Genes that had an effect on the LOF mutant analysis for AUDPS for virus TuMV-G were DDM1 and T9A4.1. Corrêa et al. (2020) showed that ddm1 plants were more resistant to two different strains of TuMV. This might be because induction of SA-mediated defense in ddm1 mutants may be an explanation of their resistance to TuMV. The opposite has been noticed for geminiviruses where ddm1 mutant showed hypersusceptibility to infection (Raja et al. 2008). The reason for this was the methylation of viral genomes that is a plant defense mechanism; when methylation is reduced, plants are more susceptible (Raja et al. 2008). Differences in adaptation history of TuMV-G and the strains studied by Corrêa et al. (2020) might explain why TuMV-G replicates better in this mutant in our study. For TuMV-G, the lack of DDM1 might help the virus replicate better since defense genes are not properly methylated and henceforth their expression deregulated. Another significant gene in the mutant analysis was T9A4.1, which is involved in peptidyl-diphthamide biosynthetic processes and tRNA wobble uridine modification. Both of these processes are involved in translation modifications and this protein might have a role in an anti-pathogenic response.

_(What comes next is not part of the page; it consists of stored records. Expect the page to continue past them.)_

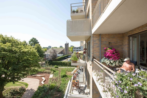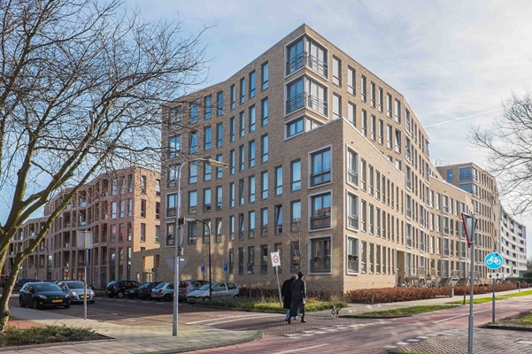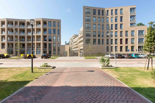 . Aan de Prins Bernhardlaan is op de knik bij de entree een baksteen-kunstwerk in de gevel vervlochten over alle 7 verdiepingen.
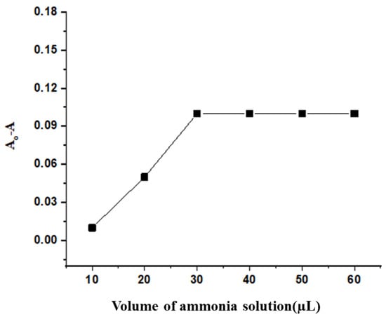 Absorbance measurements of the AgNPs were performed after the addition of various amounts of NH3, aiming at a sensitive response of the probe towards BPA. The addition of an ammonia solution of 10 to 60 µL from a 3 × 10−4 mol L−1 stock solution to the AgNP dispersion decreased the SPR NP band, confirming the formation of a AgNPs-NH3 conjugate. The results of the probe interaction (Figure 2) with 80 nmol L−1 of BPA containing various amounts of NH3 is indicated as a change in absorbance (Ao−A), where Ao is the absorbance of a AgNPs-NH3 conjugate before and after BPA addition. The addition of 30 µL of ammonia solution to AgNPs followed by BPA treatment resulted in a maximum plasmonic resonance change, which remained constant following the further addition of ammonia.
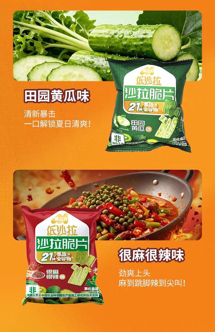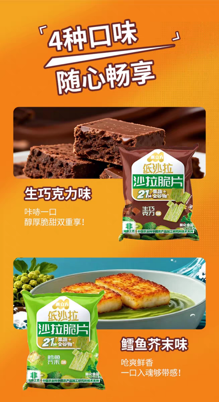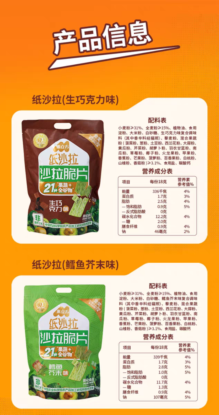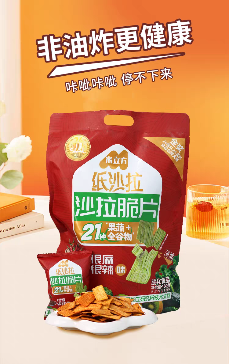 自营(山蒙海时)-米立方纸沙拉鳕鱼芥末味180g*3袋非油炸21种果蔬粗粮锅巴休闲零食
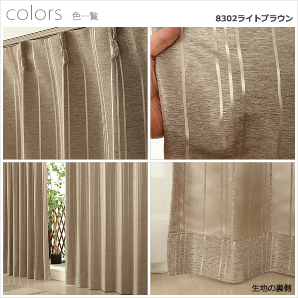 ★送料無料 遮光カーテン アウトレット 形状記憶加工 輝く光沢ストライプ ずっしり二重織り 遮光2級 遮光3級 8302 おしゃれ 断熱 保温 既製品 幅100cm2枚組 幅100センチ【在庫品】
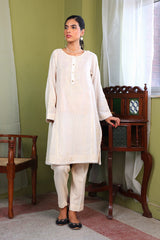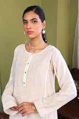 Lurex lined, dori embroidered kurta with lace details on sleeves and button details on plackett, paired with straight fit lurex lined pants.
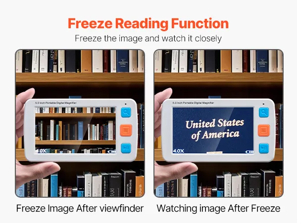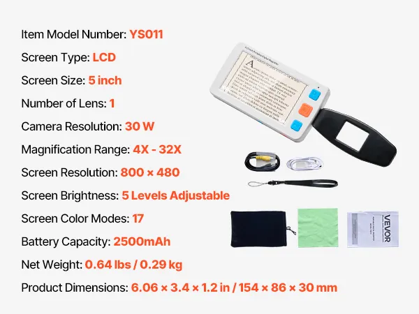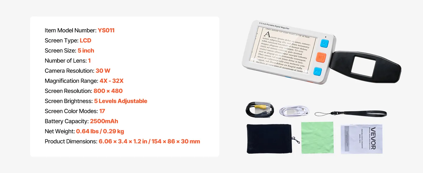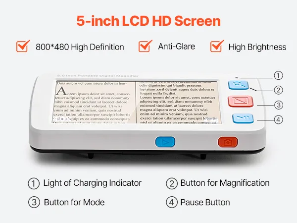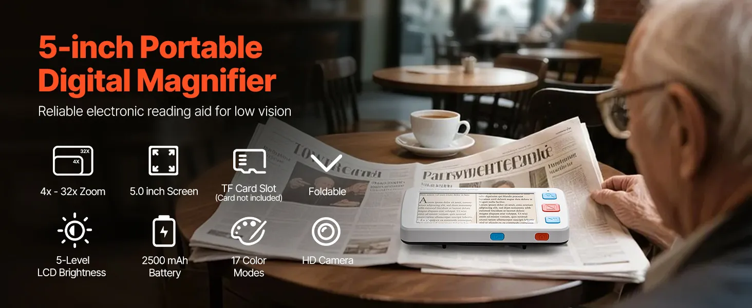 Wyposażona w 5,0-calowy ekran HD LCD, powiększenie o wysokiej rozdzielczości od 4x do 32x, 17 trybów kolorów, 5-poziomową jasność ekranu LCD, wyjście AV i akumulator o pojemności 2500 mAh, ta przenośna cyfrowa lupa zapewnia kompleksową pomoc wizualną osobom niedowidzącym podczas czytania i oglądania obrazów.
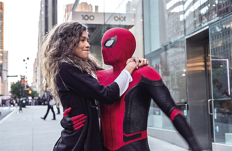 在《蜘蛛侠:英雄远征》里,蜘蛛侠的出场特别有趣。暑期旅行即将开始时,他和朋友商量如何才能追到同班高冷的女孩。像所有情窦初开的男孩一样,蜘蛛侠紧张又兴奋地期待着自己和女孩的约会。在经历了《复仇者联盟4》那场巨大创伤后,他把难过和伤痛都留在心里。我们见到的还是那个多动、碎嘴、时常有些自卑和自我怀疑的大男孩。有时候,蜘蛛侠会独自爬上屋顶,想起钢铁侠托尼·斯塔克,以及他对自己的期许。

For the strain TuMV-S in the AUSIPS values, one host gene had a significant effect on the mutant analysis, AT3G12850, which is involved in regulation of JA levels. Viruses infecting at3g12850 plants replicate better. AT3G12850-encoded protein is a COP9 signalosome complex-related/CSN complex-like protein. The tomato yellow leaf curl Sardinia virus (TYLCSV) C2 protein interacts with CSN5 resulting in a reduction of JA levels. As previously shown, treating A. thaliana plants with exogenous JA disrupts TYLCSV infection (Lozano-Durán et al. 2011). It is known that plant viruses and herbivores have strategies to manipulate JA levels as this hormone confers defenses to the plant against biotic and abiotic stresses (Wu and Ye 2020). This means that in our pathosystem the JA is negatively affecting the viral replication.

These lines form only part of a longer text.